Using the material below, print a verbatim copy of every line from the one containing "Подающая станция вкладывает" through the one containing "I na koniec", inclusive, and omit the pictures.

START DATA RECORDS

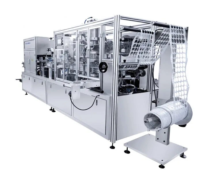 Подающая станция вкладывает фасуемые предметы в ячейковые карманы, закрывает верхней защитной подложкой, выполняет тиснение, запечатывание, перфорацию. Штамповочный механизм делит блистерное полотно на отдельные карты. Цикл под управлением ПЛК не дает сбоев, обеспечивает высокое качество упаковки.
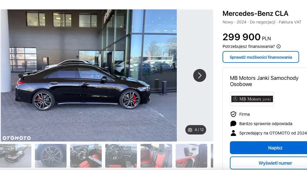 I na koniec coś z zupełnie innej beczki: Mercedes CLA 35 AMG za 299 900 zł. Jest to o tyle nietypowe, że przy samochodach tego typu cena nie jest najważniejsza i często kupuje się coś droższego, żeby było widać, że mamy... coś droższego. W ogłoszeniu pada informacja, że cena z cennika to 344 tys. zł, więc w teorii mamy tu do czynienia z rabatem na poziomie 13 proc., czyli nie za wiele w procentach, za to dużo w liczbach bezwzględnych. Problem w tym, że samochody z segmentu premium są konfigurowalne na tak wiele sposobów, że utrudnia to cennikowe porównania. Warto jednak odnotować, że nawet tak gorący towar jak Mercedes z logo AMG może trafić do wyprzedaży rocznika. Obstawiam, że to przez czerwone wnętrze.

END DATA RECORDS
START DATA RECORDS

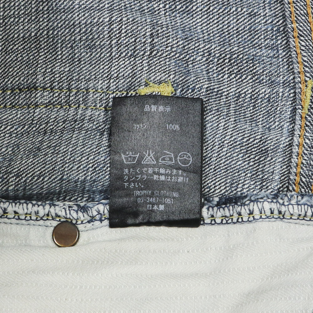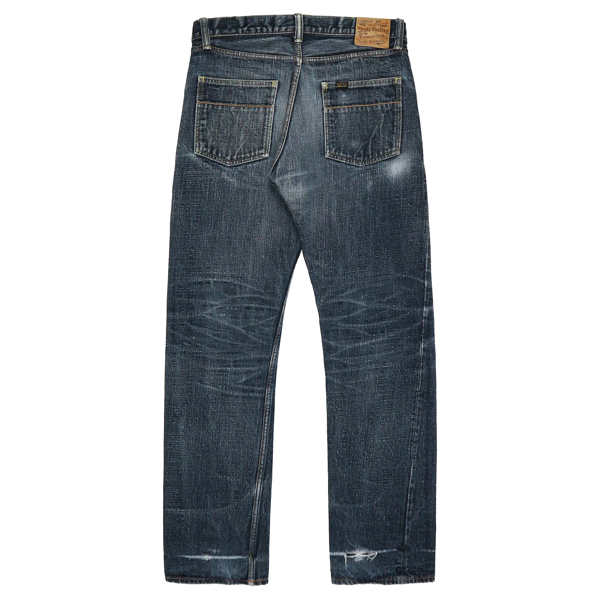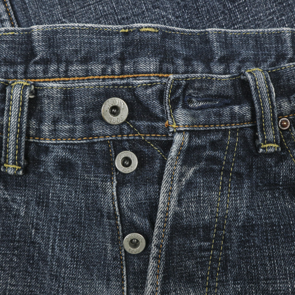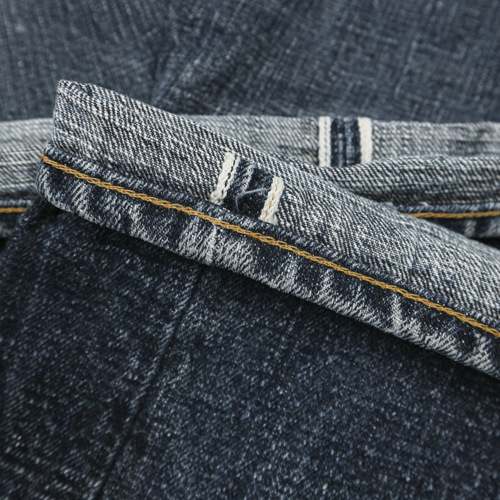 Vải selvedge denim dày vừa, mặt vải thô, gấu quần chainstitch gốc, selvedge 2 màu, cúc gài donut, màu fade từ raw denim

END DATA RECORDS
START DATA RECORDS

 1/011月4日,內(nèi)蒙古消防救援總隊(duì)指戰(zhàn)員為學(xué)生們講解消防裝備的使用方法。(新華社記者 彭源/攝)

END DATA RECORDS

*THE COMPLETED TASK*.
 Подающая станция вкладывает фасуемые предметы в ячейковые карманы, закрывает верхней защитной подложкой, выполняет тиснение, запечатывание, перфорацию. Штамповочный механизм делит блистерное полотно на отдельные карты. Цикл под управлением ПЛК не дает сбоев, обеспечивает высокое качество упаковки.
 I na koniec coś z zupełnie innej beczki: Mercedes CLA 35 AMG za 299 900 zł. Jest to o tyle nietypowe, że przy samochodach tego typu cena nie jest najważniejsza i często kupuje się coś droższego, żeby było widać, że mamy... coś droższego. W ogłoszeniu pada informacja, że cena z cennika to 344 tys. zł, więc w teorii mamy tu do czynienia z rabatem na poziomie 13 proc., czyli nie za wiele w procentach, za to dużo w liczbach bezwzględnych. Problem w tym, że samochody z segmentu premium są konfigurowalne na tak wiele sposobów, że utrudnia to cennikowe porównania. Warto jednak odnotować, że nawet tak gorący towar jak Mercedes z logo AMG może trafić do wyprzedaży rocznika. Obstawiam, że to przez czerwone wnętrze.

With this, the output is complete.